Records
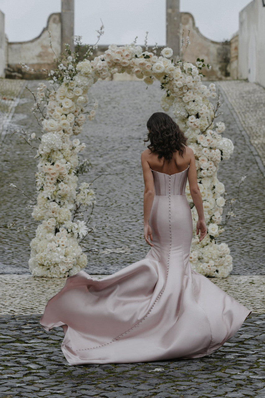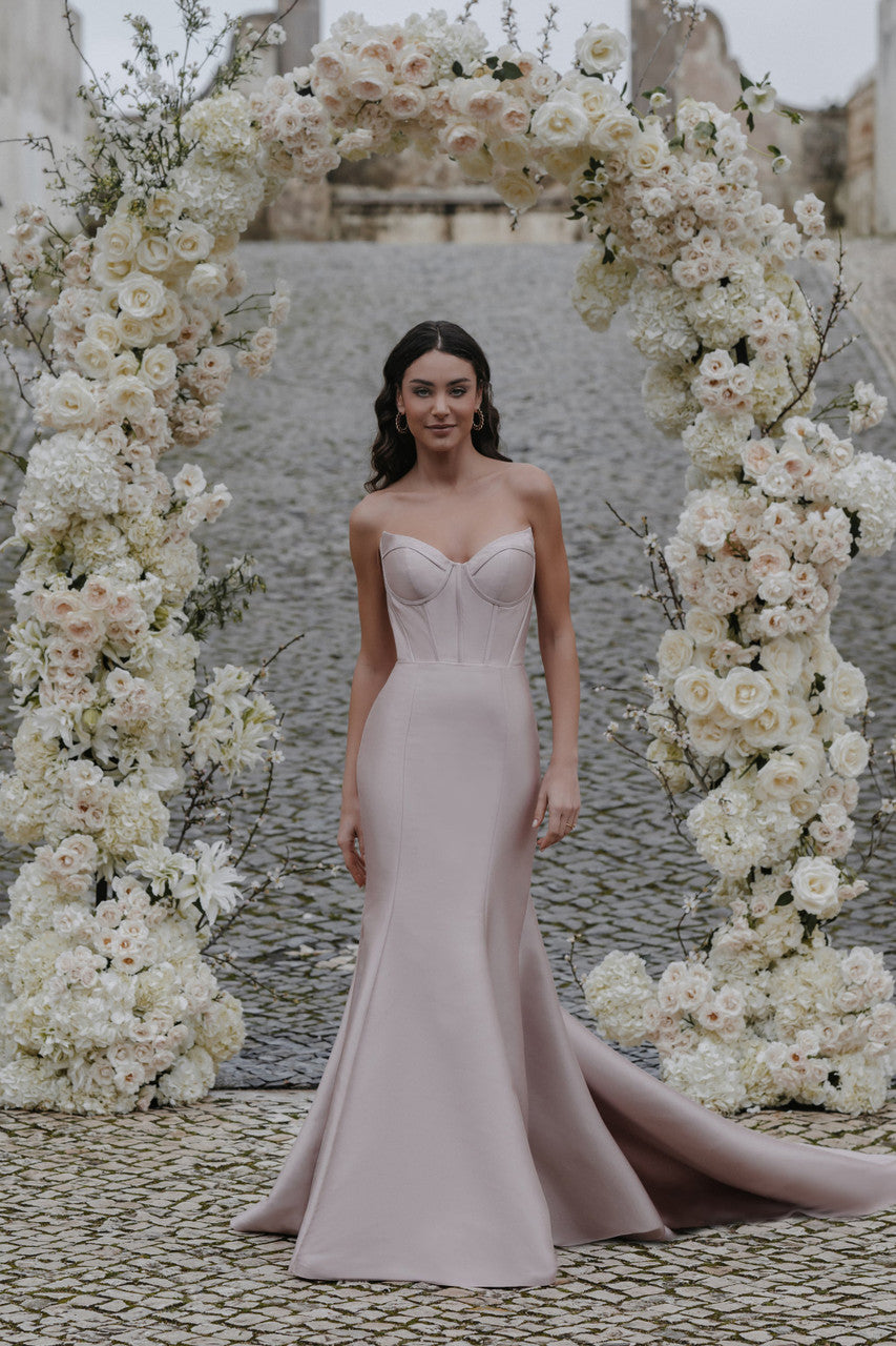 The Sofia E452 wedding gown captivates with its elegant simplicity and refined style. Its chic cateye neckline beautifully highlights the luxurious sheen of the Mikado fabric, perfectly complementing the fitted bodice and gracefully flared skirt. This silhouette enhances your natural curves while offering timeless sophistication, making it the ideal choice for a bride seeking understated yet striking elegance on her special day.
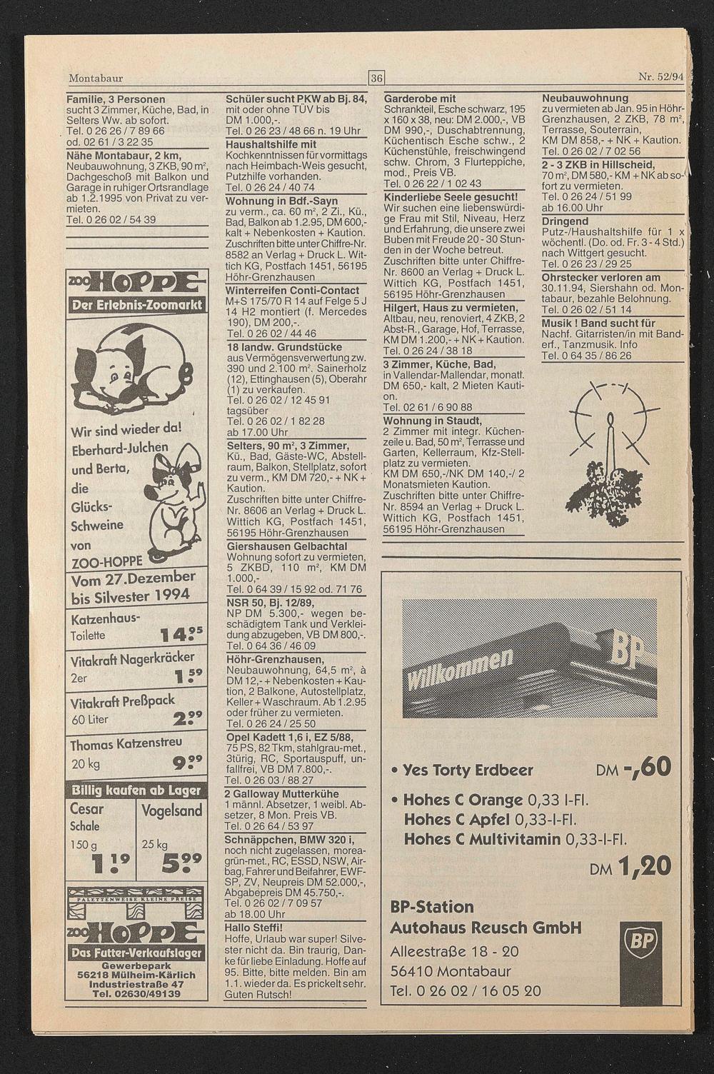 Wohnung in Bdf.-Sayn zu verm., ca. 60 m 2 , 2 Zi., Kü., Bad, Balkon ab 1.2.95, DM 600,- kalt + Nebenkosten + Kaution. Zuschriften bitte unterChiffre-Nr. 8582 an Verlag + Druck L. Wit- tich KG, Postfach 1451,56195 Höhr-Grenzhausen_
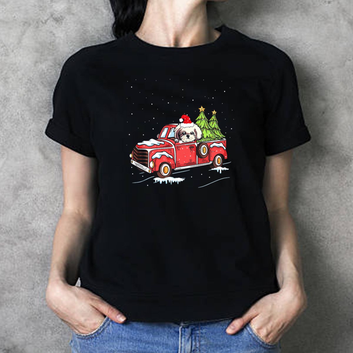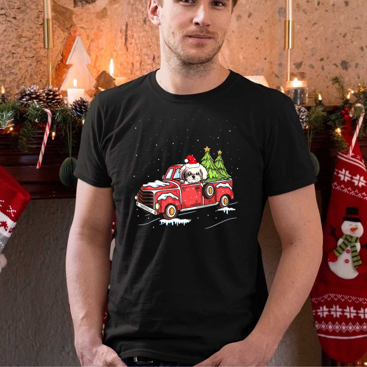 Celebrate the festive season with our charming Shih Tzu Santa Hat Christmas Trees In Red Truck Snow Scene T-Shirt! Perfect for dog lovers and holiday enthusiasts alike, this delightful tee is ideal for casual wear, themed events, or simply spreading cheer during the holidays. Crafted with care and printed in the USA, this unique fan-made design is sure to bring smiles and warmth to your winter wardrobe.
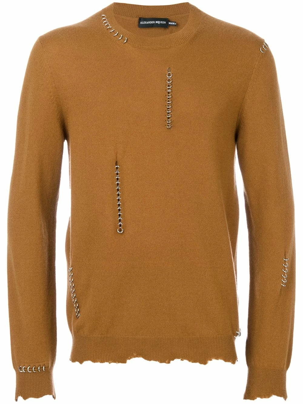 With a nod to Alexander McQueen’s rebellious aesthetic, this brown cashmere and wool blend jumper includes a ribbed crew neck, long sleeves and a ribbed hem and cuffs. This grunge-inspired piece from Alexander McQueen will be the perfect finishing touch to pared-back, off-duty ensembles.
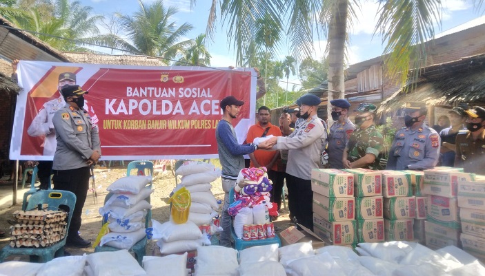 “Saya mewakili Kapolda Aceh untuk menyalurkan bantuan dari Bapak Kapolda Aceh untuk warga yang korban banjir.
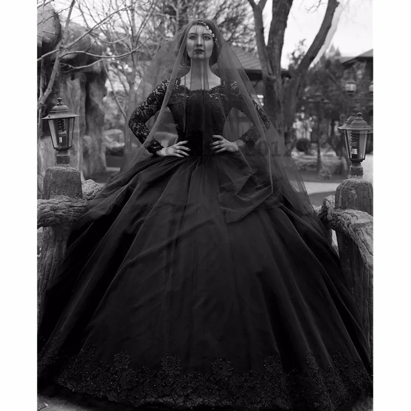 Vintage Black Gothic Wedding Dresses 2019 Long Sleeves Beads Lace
...
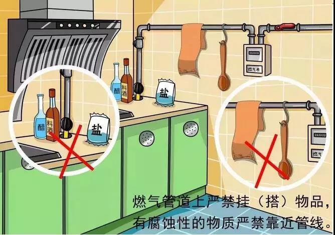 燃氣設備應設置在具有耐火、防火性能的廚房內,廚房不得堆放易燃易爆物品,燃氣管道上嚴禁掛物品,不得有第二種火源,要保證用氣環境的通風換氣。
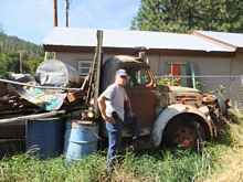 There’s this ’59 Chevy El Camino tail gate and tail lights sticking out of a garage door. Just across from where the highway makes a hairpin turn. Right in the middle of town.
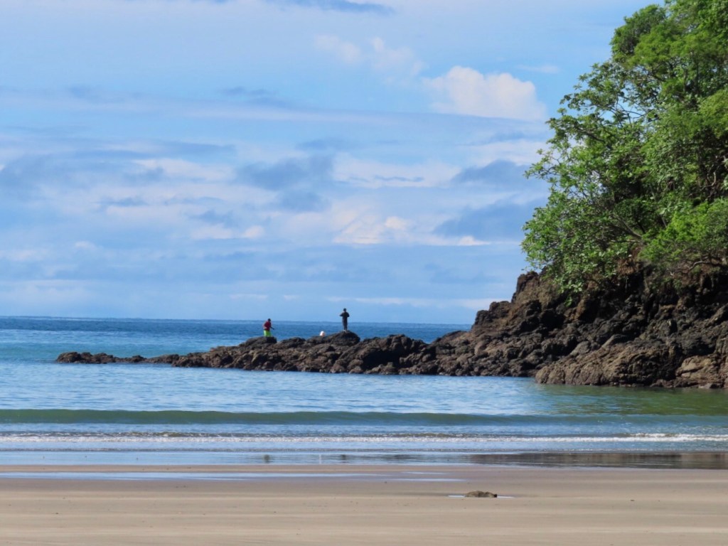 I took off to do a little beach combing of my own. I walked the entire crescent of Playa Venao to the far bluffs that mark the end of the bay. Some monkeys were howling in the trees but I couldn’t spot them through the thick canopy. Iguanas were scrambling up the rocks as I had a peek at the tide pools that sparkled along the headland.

Exercise description
Extract, without any images, the part of the material above that opens with the line containing "Wohnung in Bdf.-Sayn" and closes with the line containing "Celebrate the festive", both lines included.

Result below
 Wohnung in Bdf.-Sayn zu verm., ca. 60 m 2 , 2 Zi., Kü., Bad, Balkon ab 1.2.95, DM 600,- kalt + Nebenkosten + Kaution. Zuschriften bitte unterChiffre-Nr. 8582 an Verlag + Druck L. Wit- tich KG, Postfach 1451,56195 Höhr-Grenzhausen_
 Celebrate the festive season with our charming Shih Tzu Santa Hat Christmas Trees In Red Truck Snow Scene T-Shirt! Perfect for dog lovers and holiday enthusiasts alike, this delightful tee is ideal for casual wear, themed events, or simply spreading cheer during the holidays. Crafted with care and printed in the USA, this unique fan-made design is sure to bring smiles and warmth to your winter wardrobe.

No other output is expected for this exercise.